Steve Jobs Introduces iCloud Storage System At Apple's Worldwide Developers Conference
Bloomberg—Bloomberg via Getty Images Steve Jobs, CEO of Apple Inc., unveils the iCloud storage system at the Apple Worldwide Developers Conference 2011 in San Francisco on Monday, June 6, 2011.

Jobs was the central figure in tech companies' collusion over hiring policies, a district court judge said Friday

Silicon Valley feared late Apple CEO Steve Jobs before his death in 2011, a judge in a collusion lawsuit brought against Apple and three other top tech companies said Friday.

The suit was brought on behalf of 64,000 tech workers against Apple, Google, Intel and Adobe for allegedly agreeing not to poach each other’s employees, a precedent that some say was set after Jobs reached a no-poaching deal for Pixar.

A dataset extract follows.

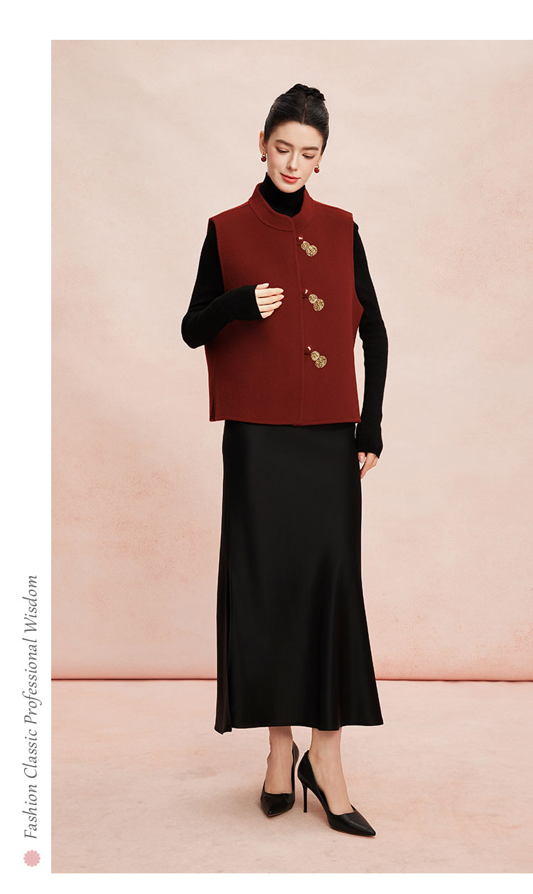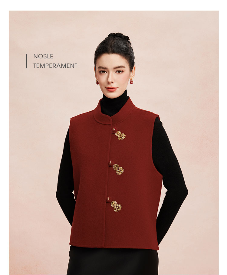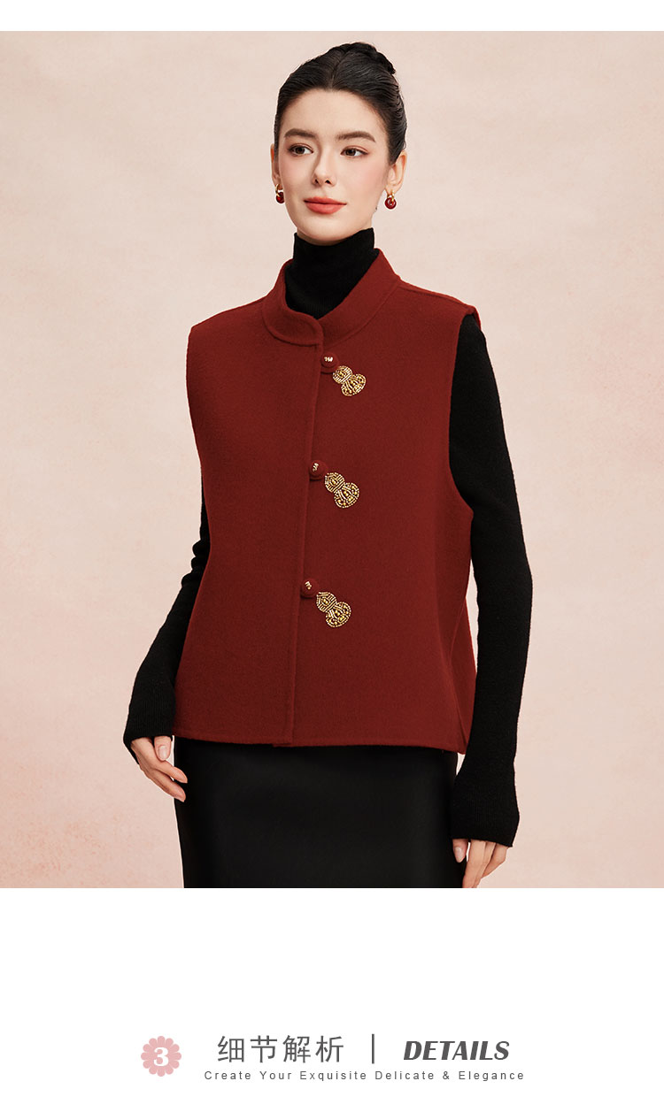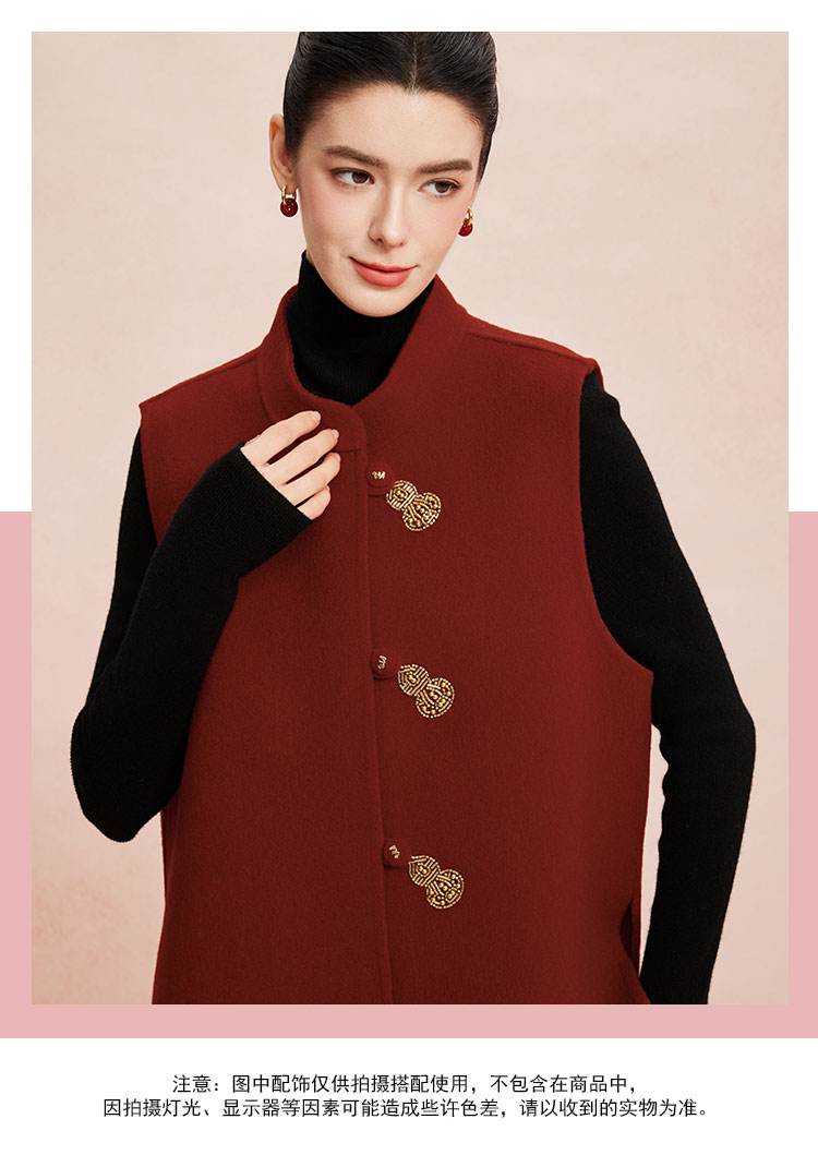 RE409斯尔丽26新款含山羊绒传统手工钉绣新中式双面手工马夹

That deal became the model for all the tech companies, said Judge Lucy Koh. Silicon Valley companies’ “fear of and deference to” Jobs was a large reason for the willingness of other tech companies to join in the alleged conspiracy in which major players are said to have agreed not to hire each others’ employees, the Financial Times reports.

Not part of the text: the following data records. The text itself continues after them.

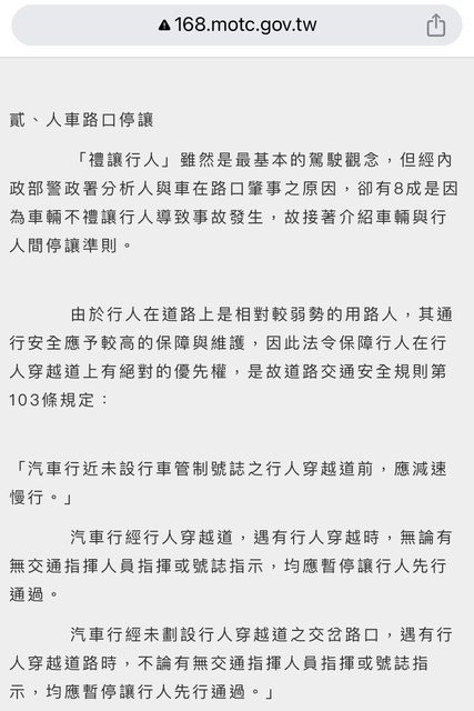 → peehs : 撞死是不禮讓造成的?? 目小駕駛有受到什麼約束了07/02 17:04
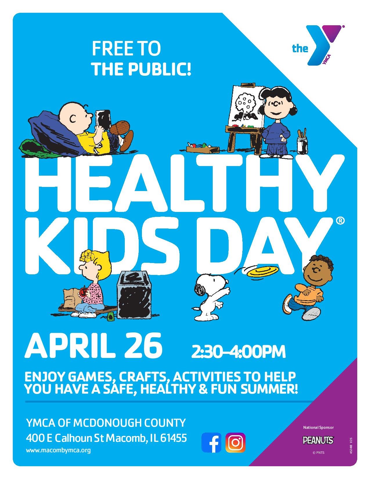 SAT April 26th 2:30-4PM An youth centered event Free to the Public held at the YMCA. Enjoy games, crafts, activities to help you have a safe, healthy & fun Summer!
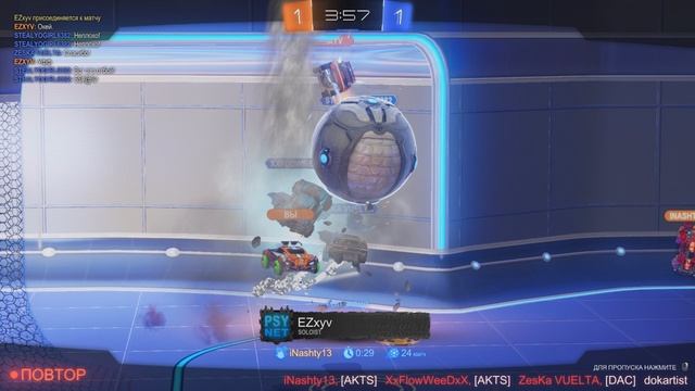 rocket league - гол тиммейта вихревой от борта

“There is compelling evidence that Steve Jobs … was a, if not the, central figure in the alleged conspiracy,” Koh wrote as she rejected a proposed $324.5 million settlement in the case.

Google co-founder Sergey Brin was more succinct. He was quoted as saying, “I think Mr. Jobs’ view was that people shouldn’t piss him off. And I think that things that pissed him off were — would be hiring, you know — whatever.”